Barger’s office said she supported allowing the protections to sunset while waiting to see whether new information emerged.
“Market data already shows countywide rents are only about 2% above pre-emergency levels and rental inventory has grown,” Barger representative Helen E. Chavez Garcia said. “The Supervisor is also mindful of the burden these ongoing protections place on small property owners throughout the county.”
Mitchell did not immediately respond to a request for comment.
There haven’t been steep rent hikes in neighborhoods within three miles of the Palisades fire, according to a Times analysis of data from Zillow, the property listing company.
In ZIP Codes within three miles of the Palisades fire, rent increased 4.8% from December 2024 to April 2025. In areas around the Eaton fire, which destroyed swaths of Altadena, rent jumped 5.2% in the same period.
In L.A. County, ZIP Codes farther from the fires saw only about a 2% increase.
A landlords representative, Jesus Rojas of the Apartment Owners Assn. of Greater Los Angeles, told the supervisors during public comment at the meeting that the county’s rent-gouging rules have “long outlived the emergency they were intended to address” and are now being “wrongfully used to harm thousands of rental housing providers throughout the county.”
“There is no proof that multifamily rental housing providers are hugely increasing rents for impacted homeowners,” Rojas said.
Indeed, there are strong signs that the property market in the Los Angeles area has at last begun to cool.

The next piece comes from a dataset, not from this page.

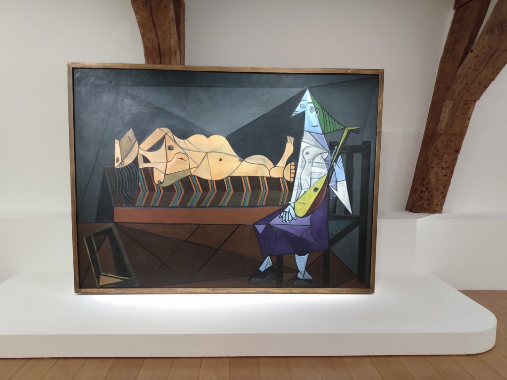 I loved everything about the Picasso museum — the stone stairs worn in the centres, the white shutters, the paintings and drawings and ceramics, the relationships–Matisse, Cezanne, Jackson Pollock–the beautiful women, and maybe most of all, the Aubade, a morning song, darkness and light, its preparatory drawings so stunning, and how I am still thinking about it after lunch at Cafe Breizh where we also ate in 2009, buckwheat galettes with cabbage, sausage, Comte, mustard creme, a glass of cider, and sorbet, also buckwheat, and the familiar walk back along Rue Rambuteau.

L.A. metro-area rent prices recently fell to a four-year low, with the median rent slipping to $2,167 in December.
Meanwhile, condominium sales had their slowest start of the year in decades. Condo sales in Los Angeles have plummeted to a 20-year low, with fewer than 2,000 units sold in January and February — the worst start to the year since 2005.
Newsom defended the price-gouging protections shortly after they went into effect.

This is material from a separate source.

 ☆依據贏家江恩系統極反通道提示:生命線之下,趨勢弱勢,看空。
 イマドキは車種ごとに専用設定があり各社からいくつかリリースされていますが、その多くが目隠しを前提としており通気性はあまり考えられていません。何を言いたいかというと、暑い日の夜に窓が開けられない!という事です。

“In the days following the Los Angeles firestorms, we worked quickly to protect Los Angeles survivors from any form of exploitation,” he said in February 2025. “The state has the tools in place to not only block price gouging during this emergency, but also to prosecute bad actors.”

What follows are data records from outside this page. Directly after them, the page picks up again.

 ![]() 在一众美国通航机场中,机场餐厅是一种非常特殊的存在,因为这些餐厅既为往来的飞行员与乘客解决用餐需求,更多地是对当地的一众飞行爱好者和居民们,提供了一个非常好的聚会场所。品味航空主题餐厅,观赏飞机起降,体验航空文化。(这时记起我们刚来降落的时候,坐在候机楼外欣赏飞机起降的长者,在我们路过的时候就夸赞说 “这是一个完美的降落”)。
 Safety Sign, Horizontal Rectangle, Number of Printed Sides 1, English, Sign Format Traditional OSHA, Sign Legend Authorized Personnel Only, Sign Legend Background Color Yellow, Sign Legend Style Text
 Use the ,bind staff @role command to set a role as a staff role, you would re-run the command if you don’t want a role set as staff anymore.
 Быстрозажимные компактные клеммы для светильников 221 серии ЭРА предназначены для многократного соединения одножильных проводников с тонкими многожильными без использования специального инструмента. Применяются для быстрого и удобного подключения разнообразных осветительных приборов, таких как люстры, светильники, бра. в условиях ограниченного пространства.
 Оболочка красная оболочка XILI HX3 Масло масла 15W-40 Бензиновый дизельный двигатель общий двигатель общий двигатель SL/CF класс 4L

The Los Angeles County Department of Consumer and Business Affairs said it received more than 2,000 complaints after the fires, alleging that retailers and landlords were taking advantage of people put in hardship by their losses, and sent out more than 2,000 cease-and-desist letters to businesses and landlords for alleged price gouging, said Morine Merritt, who oversees department investigations into consumer and real estate fraud.
“Close to 90% of the complaints that we received involved allegations of rent increases,” Merritt said in an interview. Now that the fire-related protections have expired, existing laws and “regular market conditions determine price increases for goods and services, including rents,” she said.
Crackdowns on fire-related rent gouging have been rare, said Chelsea Kirk of the activist organization the Rent Brigade, which analyzed L.A. County’s rental market in the year after the fires. It reported 18,360 potential examples of price gouging in listings but said that few lawsuits had been filed by authorities so far.
Last week, Rent Brigade announced what it said was the first private civil lawsuit brought by a family that claimed to be rent-gouged in the aftermath of the wildfires. Plaintiffs Randall and Candy Renick, whose Altadena home was damaged, said they were charged nearly three times the maximum permitted rate for nearly 10 months. They seek restitution of $96,000 plus civil penalties and attorneys’ fees.
The rental market has probably stabilized since the fires, Kirk said, but other families may still be “locked into illegal rents” that they agreed to pay when they were in a rush to find housing after they were displaced.